A Reason for Every Reason

I’m one of those guys who people figure I’ve got a reason for everything. Like when I started chopping blinds after four years of not chopping. They’re right. I do.

Thing is, when players guess my reasons for doing odd things, and they do that a lot, they hardly ever get the reasons right because they assume that a pro’s top priority would be profit. Mine rarely is. For example, posting behind the button. At limit hold’em, I never do it. But the reasons have nothing to do with cost-per-hand or having live-money in late position or anything like that. Or when I buy in for two racks, not for intimidation, but simply because I like to buy in once and once only. Or when I’m on the list for $20-40 and I’ve got a choice between playing $6-12 or $9-18 in the meantime. I always take the $6-12, not because I think the game is softer, but because the $3 chips where I play are ugly.
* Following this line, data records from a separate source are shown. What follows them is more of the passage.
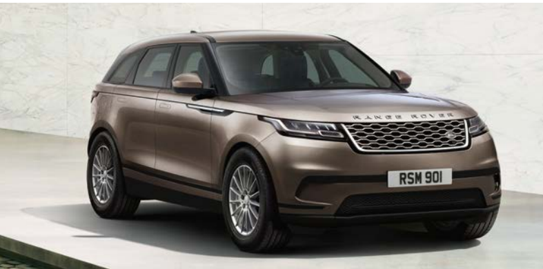
RANGE ROVER VELAR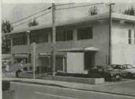
完成まじかな福岡法務局水巻出張所

福岡法務局水巻出張所の新庁舎が完成し、「十月十三日(月)」から業務を行います。新庁舎の場所は、役場庁舎の横(国道三河線側)です。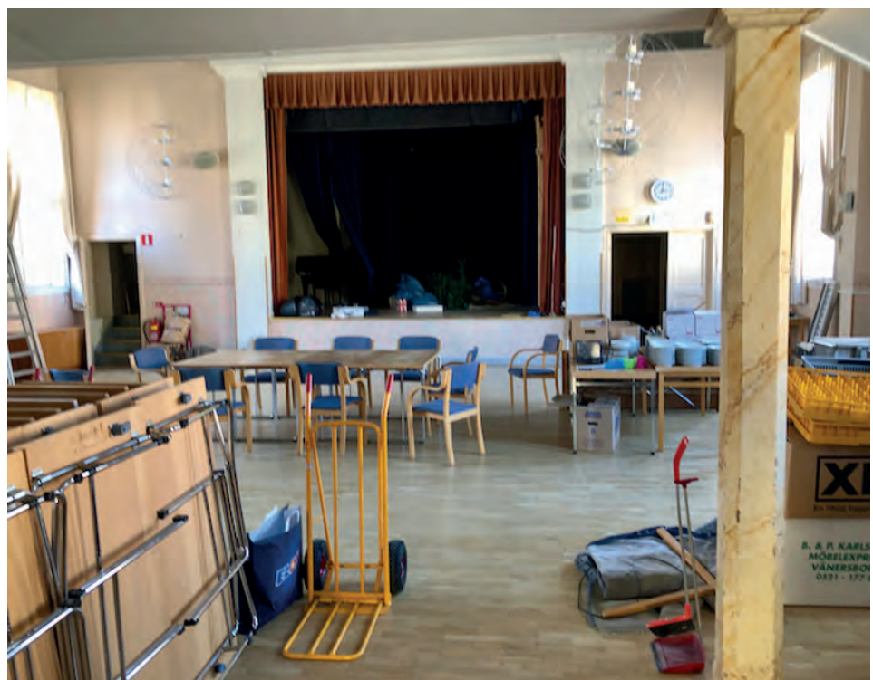
Stolar och bord trängs i nya ordenslokalen.

årtionden, förbud kommit och gått, men problemen med superiet kvarstod. Nykterhetsföreningar och loger uppstod, f.f.a. under 1800-talet, ofta sprungna ur kyrklig verksamhet. Ordenssällskapen var, som vi väl känner till, många så det var naturligt att även nykterhetsföreningarna bildade sådana. Vi känner igen omåttlighetsproblematiken och dess följder från våra egna ritualer, även om Par Bricole inte kan räknas som en nykterhetsorden, så insåg man vådan av ett ohejdat supande, vilket framgår tydligt i våra ritualer och

Sometimes my reasons are complicated and philosophical, as in, goofy. That’s when I usually get cut off in mid blab by someone who politely suggests that I have way too much time on my hands. Which brings us back to this chopping thing. It’s understandable to wonder what’s up when a dedicated non-chopper all of a sudden starts chopping. So here’s my full scoop on chopping blinds — why I stopped, and why I started again.

When I moved to California, the first thing that made me consider becoming a non-chopper was the way the house took the collection. All the $20-40 games I played in charged $3 on the button. I figured that as long as we’re paying for each hand no matter what, then we might as well play them out. It seemed practical to use what I was buying. That got me thinking about some things I never liked about chopping in the first place, priorities just heavy enough to tip the scales in favor of not chopping.
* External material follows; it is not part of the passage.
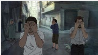
Zero Impunity (Nicolas Blies, Stéphane Hueber-Blies, Denis Lambert, 2019)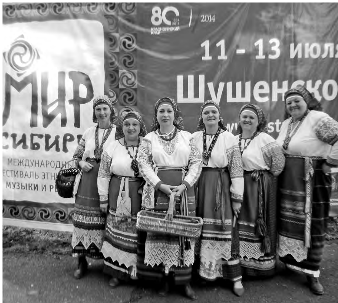
■ Участники коллектива новокузнецкого Центра традиционной русской культуры «Параскева Пятница» на Международном фестивале этноса, музыки и ремесел «Мир Сибири».

Simple is good. Chopping blinds is not simple. Especially in these games, with high turnover and lots of seat changes, I was constantly asking, “Do you chop? Do you chop?” Further complexity resulted from the varying chopping criteria of each player. Some chopped with four or more players, some with five, some with six. Keeping track required energy and vigilance, two things I’d rather conserve for more important activities such as looking at people’s food to evaluate the daily specials.

So I stopped chopping. And as usual, people tried and failed to guess my reasons because they figured he’s a pro so it’s all about the bottom line. They assumed I didn’t chop because I thought I had some kind of advantage playing blind against blind. That has never been a factor. Or they figured it was because I didn’t want anyone shooting angles at me. I’m happy to say that it’s a rare day when someone pulls a move around here, especially when it comes to chopping blinds.

It was time-collection considerations that initially led me to stop chopping, and time-collection considerations also sparked the idea to go back to chopping. The mid-limit games I play in recently changed from collection-on-the-button to pay-by-the-half-hour. In keeping with “use what I buy,” it seems like a better value to use the purchased table time on hands more interesting than blind vs. blind.

What about wasting energy on remembering who chops with such-and-such numbers of players? No problem. I decided to not care, for two reasons. I’d rather trust people than get all contorted watching my back. And in the bigger picture, it’s just plain friendlier to chop and I like that.

How to select my threshold? Just as when not-chopping, it’s all or nothing. It does make sense to play instead of chop when a game is short-handed, but I can’t think of a reason to stop chopping at any particular number of players, say, six players as opposed to five, or five players as opposed to four. So I’ll chop anytime there are more than two. And because almost everyone else’s threshold is higher than that, my cut off point becomes irrelevant. Simple.

Poker decisions are like any others in that what feels to us like thoughtful, pondered reasoning is actually nothing more than an indication of our priorities. When we buy a car, bet a hand, choose a meal, or say, “let’s chop,” it’s as if our priorities are variously-sized rocks in a huge sifter; we shake them around constantly and act on the priorities that remain unsifted. Why did Joe buy the blue car instead of the red one? Because his blue rock was bigger. Why did Bob play poker until 4:00 a.m.? Because his gotta-get-even rock was bigger than his gotta-get-some-sleep rock.

Some might reason that my reasoning behind reasons is unreasonable. That’s okay. I don’t mind. They have their reasons.